The simpler the better. If you can say it in a couple sentences, that's a good sign. But the other important element is this question of support. Thinking seriously about what kinds of resources are needed all along that educational continuum to help students, particularly those who haven't been successful in school, access higher ed, be successful in getting there, staying there and completing is really important.
Tennessee Promise has a mentorship program, and while the mentorship component is not as intensive as it was for the predecessor local program, it marks a recognition of the value of mentorship in helping students be successful in higher ed. Tennessee also has an adult free community college program called Tennessee Reconnect, and even that has a support structure built in. It doesn't come out of public money. It comes out of the philanthropic sector. There are a lot of ways to do this, but it's important to recognize that the money by itself is not going to change your outcomes that much.
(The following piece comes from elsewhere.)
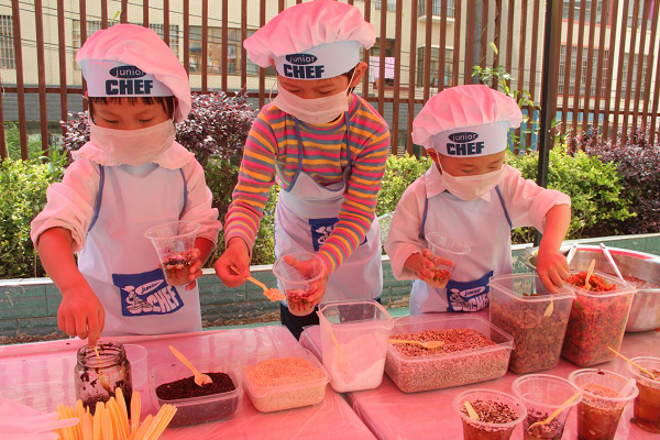 为“寓教于乐”,培养锻炼孩子们的动手能力,盘州市第二幼儿园开展“六一节” 体验活动。图为孩子们正扮演 “厨师”、“服务生”、“顾客”,在鼓励儿童们勤动手、多动脑的同时,也让孩子们体验家长的辛劳。(六盘水盘州市纪委监委供 刘畅 摄)

As a short digression, I've been really busy, so I haven't been very active on Twitter, but I do want to respond to Pete Buttigieg's response…
He was pretty negative about free college. He basically said there's this huge college wage premium, where people with college degrees get paid a lot more than people who don't, and that's absolutely true. And he doesn’t like the idea of people without college degrees subsidizing those who are going to get the college wage premium. I think he misses the boat on this. The point of Promise programs is to bring those people who aren’t headed for college – whether because of confusion about the process or lack of financial resources – into the process so they can go on and get some of that college wage premium. Right?
Another presidential candidate, Elizabeth Warren, has come out with a number of big equity-based policy ideas and one of the latest is her plan for tuition-free college and student loan debt relief. Her ideas are bold and not always fully practical, but this one had an important element, which is that if we're going to make public colleges and universities tuition free, we had better also address the student loan burden. One of the challenges of free college is that if you come up with a national program, you still have all these people walking around with this huge student loan debt. So there's a real equity challenge there, if you aren't going to do something about the people who already got indebted, then it's sort of just a generational unfairness.
We're having that discussion in Michigan. Our new governor, just this week, introduced legislation for three tuition-free college initiatives, one for community colleges, one for four-year publics and one for adults, closely modeled on Tennessee, but there's no component that deals with the student debt situation, and the legislation. Because we have this very Republican Congress it's probably not going to go very far, but we'll see.
It’s a fascinating aspect of the free-college movement. A lot of money is being committed to support free-college initiatives without a lot of evidence about what they do and don’t accomplish. I know that because we sit here at ground zero of trying to generate some of that evidence, and there are many, many, many things we do not know. This is not a heavily researched, proven model where we really understand what we're doing.